We therefore hypothesized that not only peptide vaccines, but also viral infections could improve CD3 bsAb therapy, due to the induction of strong T-cell responses to viral antigens. T-cell responses against acutely infecting viruses or attenuated viruses, such as those in vaccines, are generally not affected by functional exhaustion and would thus be ideal candidates for combination with CD3 bsAb treatment (19). To test this idea, we selected the LCMV-Armstrong and HKx31 influenza strains. We provided a low dose LCMV-Armstrong infection, which is known to be swiftly cleared and for its capacity to induce long-lasting effector T cells, 30 days prior to tumor inoculation (Fig. 6D) (19, 20). Indeed, LCMV Gp33-specific CD8 T cells with an effector memory phenotype and expressing CXCR3 were observed up to 63 days after LCMV infection (fig. S10C-D). Importantly, combination of low dose LCMV infection with CD3xTRP1 significantly enhanced long term survival of mice (Fig. 6E), similar to SLP vaccinations. Then, we combined CD3xTRP1 therapy with a HKx31 influenza viral infection (Fig. 6D) (21).
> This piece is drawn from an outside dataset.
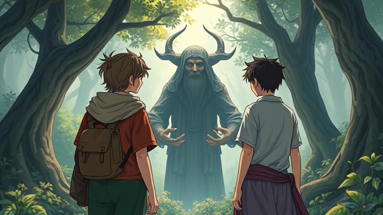 Suddenly, a soft rustle interrupted their conversation. Startled, the trio turned to see a figure emerging from the shadows. As the light pierced through, they recognized it to be Lorian, the wise elder of the village, known for his connection with the mystical beings of the grove.
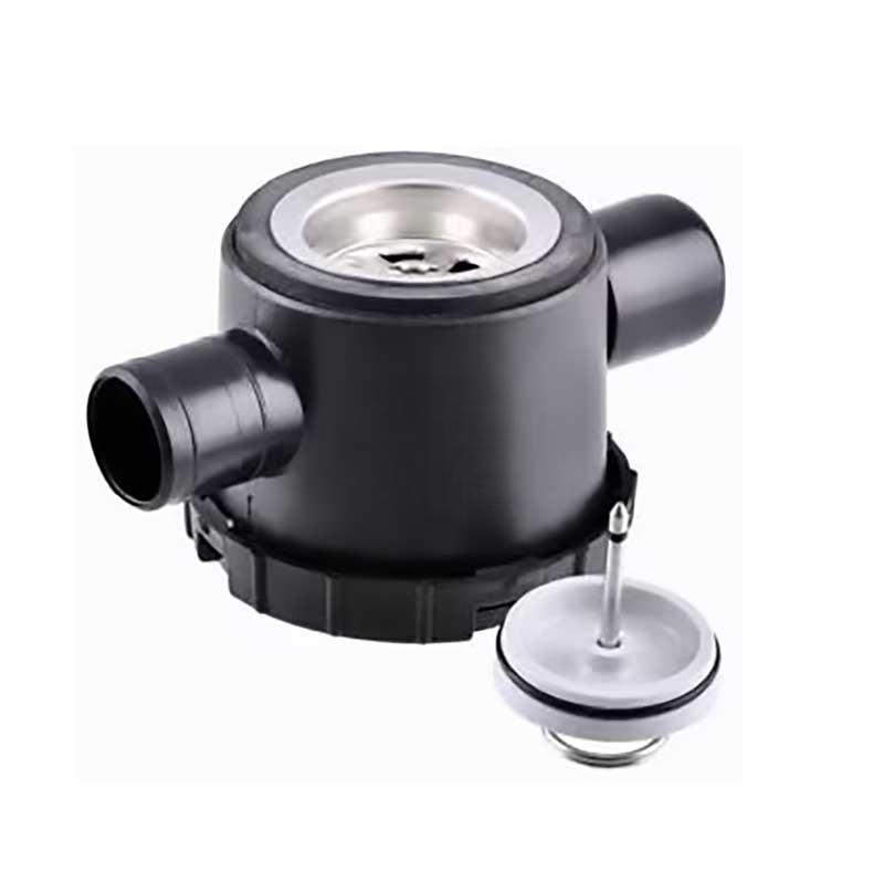 Desagüe con sifón y codo doble – Salida 25 mm – Tipo F Este sistema de desagüe con sifón y dos salidas en ángulo de 90º, con acabado metálico, es perfecto para fregaderos y lavabos metálicos. Incorpora un tapón que permite bloquear una de las salidas. Este desagüe ayuda a prevenir malos olores en tu fregadero o lavabo de camping.

Analysis of T cells in the blood revealed an induction of T-cell responses after HKx31 infection, which were boosted after administration of inactivated HKx31 virus, mimicking a vaccination approach (fig. S11A-B). In line with previous results obtained with LCMV, mice that received the HKx31 viral infection and inactivated HKx31 boost in combination with CD3xTRP1 showed increased survival when compared to the other treatment groups (Fig. 6F and S11C).
Finally, we used a COVID-19 mRNA vaccine to augment CD3 bsAb therapy. During the severe acute respiratory syndrome coronavirus 2 (SARS-CoV-2) pandemic, these vaccines have been FDA-approved and widely administered, making them an ideal candidate to translate this concept to a clinical setting. It was recently reported that, in addition to neutralizing antibodies, COVID-19 mRNA also raises T-cell responses (22). COVID-19 mRNA vaccines were first used in the virus prime-boost scheme of Fig. 6D, but this did not lead to improved survival (fig. S12A-B). Given the design of the vaccine to primarily raise antibody responses and the relatively weak adjuvant effect of these capsulated mRNA (23), we hypothesized that a fast prime-boost schedule, as applied for the peptide vaccines (Fig. 6A), and addition of the TLR9 ligand CpG would result in enhanced treatment responses. Indeed, this set-up induced a potent SARS-CoV-2 specific T-cell response with an effector phenotype, measured five days after the booster vaccination in blood (fig. S12C-D). More importantly, combination of the COVID-19 mRNA vaccine with CD3xTRP1 resulted in enhanced survival, thereby providing proof-of-concept for a clinically relevant treatment combination (Fig. 6G and S12E).
Together, these results show that CD3 bsAb therapy for solid cancers can be transformed into an effective treatment by recruiting any source of activated CD8 T cells via either tumor-(non)specific SLP, COVID-19 mRNA or viral vaccine modalities.